3,360 feet is not high altitude

Okay it’s early morning, I am whipped from wanting a fellow doper (yes you know who you are,) I have been drinking but I am not fucking stupidly drunk.

I am watching some stupid as show about skiing…they boast about the fact the the place is located 3,360 feet…MY GOD I live at 6,400+ feet…what’s the big fucking deal?

My favorite ski area has a base of 9,600 feet…what is up with that? The peaks (the bowls) go up to at least 12,000 feet…what a bunch of pussies to talk about 3,600 feet being so freakin high.

God you low landers (sorry those of you that learned to ski on little hills) that’s fucking crap! One of my best friends lives higher than most of you low landers have ever been, full time. Yep, she and her husband and her baby live at at 9,700 feet.

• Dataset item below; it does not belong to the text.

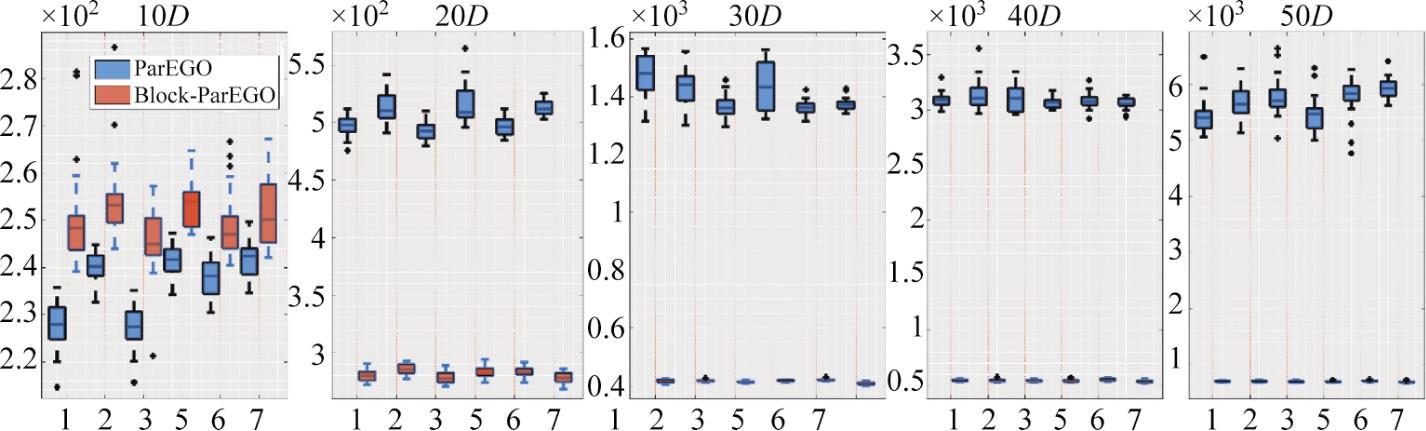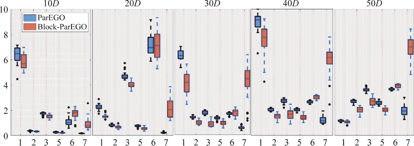 图5.4 ParEGO和Block-ParEGO在DTLZ问题上运行30次的IGD均值

So what’s the big fucking deal with 3,360 feet? It’s not that big fucking deal. I live at 6,400 feet and go up to the mountains (say Pikes Peak) that can tower well over 12,000 feet, ummmm Pikes Peak towers at 14,610 feet.) That’s quit an altitude climb…3,000 feet my ass.

Pardon me, this show, and I apologize for not knowing the name of it, but they made such a big fucking deal of it, like the world only lives at sea level…egads, living at 6,400 feet is not that big of a deal but when people sit there and boast that their ski areas go up to 3,600 feet, I have to fucking laugh.

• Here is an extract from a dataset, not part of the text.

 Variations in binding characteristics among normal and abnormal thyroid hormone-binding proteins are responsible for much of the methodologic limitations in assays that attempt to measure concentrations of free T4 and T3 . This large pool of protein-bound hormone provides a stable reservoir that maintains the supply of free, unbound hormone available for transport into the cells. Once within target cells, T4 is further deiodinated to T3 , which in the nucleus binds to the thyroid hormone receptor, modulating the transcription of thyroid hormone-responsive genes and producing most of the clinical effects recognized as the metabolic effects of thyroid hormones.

Flame me, mock me, but know that I find that going from my altitude to about 12,000 is far more a feat than from sea level to 3,600 feet. Wusses.

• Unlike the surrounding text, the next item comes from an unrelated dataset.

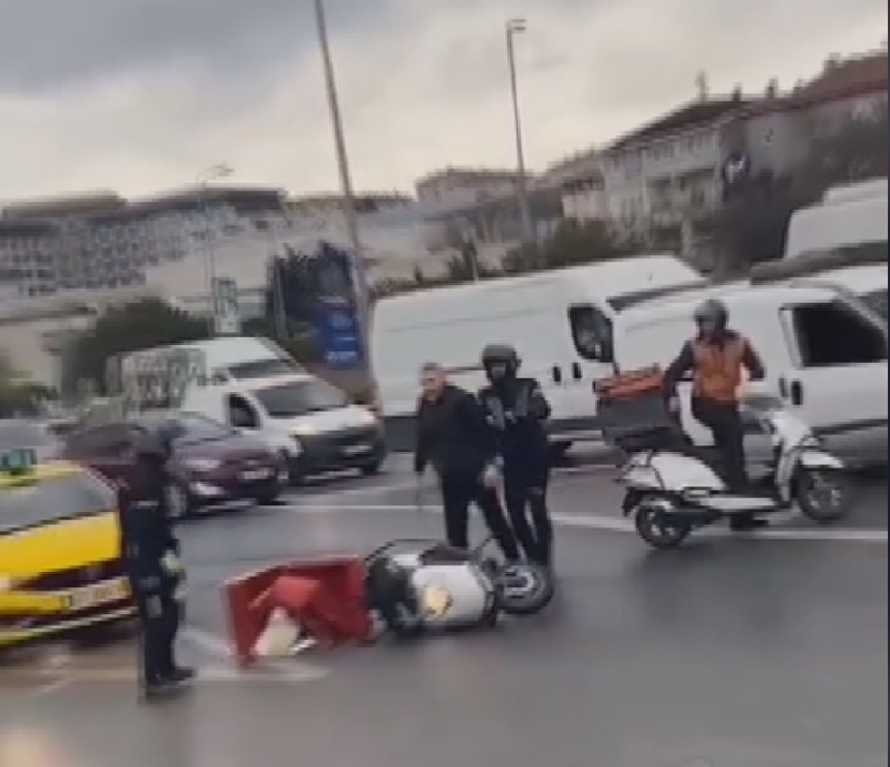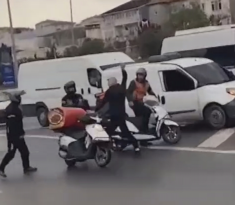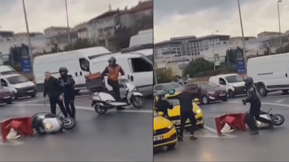 Trafikteki diğer kuryelerin araya girmesiyle uzaklaştırılan sürücü aracına binerek olay yerinden gitti. O anları trafikteki bir kişi cep telefonu kamerasıyla görüntüledi.

< gotta roll my eyes, and hard >

Oh and damn it’s Sunday morning and now all there is on is a bunch of fucking religious programing…7:00am, but that’s not my beef.

wuzzup with that? There are towns in Tibet that are around 14,000 feet (cite puts it at 4014 meters). Litang is one I went to in the winter. That is really high. Walk 10 feet and you feel like throwing up, passing out and your head is spinning. That would be over 10,000 feet higher than this little bitty ski resort. Dunno, maybe it was in Australia or somewhere.

I climbed up over 16,000 feet and I was sucking serious wind. 3,360 feet, HA!

I need to clarify something here. The world does not revolve around those that live at low altitudes, not one bit. While a good majority live at low altitudes, you have to learn to love and like what we have here.

Most low landers have a very hard time with altitude sickness, which is why I felt the program was being unfair. A measly 3,600 feet over sea level is nothing to boast about.

I beg them to go to stay in Alma, Colorado where the air is thin and people live there like the world is great. (Oh BTW, Alma is also a part of South Park, Colorado, you know the cartoon.)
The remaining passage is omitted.